Some physicians caring for COVID-19 patients question whether the threshold for placing someone on a ventilator should be raised, given that the breathing machines are in critically short supply nationwide, Stat News reported.


"I think we may indeed be able to support a subset of these patients" with less invasive breathing support, Dr. Sohan Japa, an internal medicine physician at Brigham and Women's Hospital in Boston told Stat News. Ventilators push oxygen into the lungs via a tube placed in the mouth, nose or a hole in the front of the neck; but less invasive devices like the breathing masks for sleep apnea could be used to treat some COVID-19 patients, at least at first.

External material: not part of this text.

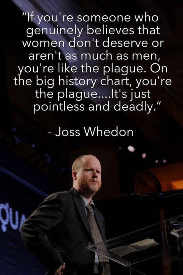 “If you’re someone who genuinely believes that women don’t deserve or aren’t as much as men, you’re like the plague. On the big history chart, you’re the plague … it’s just pointless and deadly.” -Joss Whedon

Indeed, for COVID-19 patients who need breathing assistance, many hospitals are starting them off on sleep apnea devices or nasal cannulas, which deliver air into the nose through a pronged tube, Dr. Greg Martin, a critical care physician at Emory University School of Medicine in Atlanta , told Stat News. 


These noninvasive devices offer some advantages compared with ventilators. For example, the process of intubating patients — placing a tube into their airway — to  hook them up to a ventilator requires doctors to sedate patients for long periods of time, so the machine can take over the work of breathing, Stat News reported. 


In contrast, noninvasive breathing support devices don't "require sedation, and the patient [remains conscious and] can participate in his care," Martin said. If that person's respiratory issues degrade further, then doctors can put them on a mechanical ventilator," he added.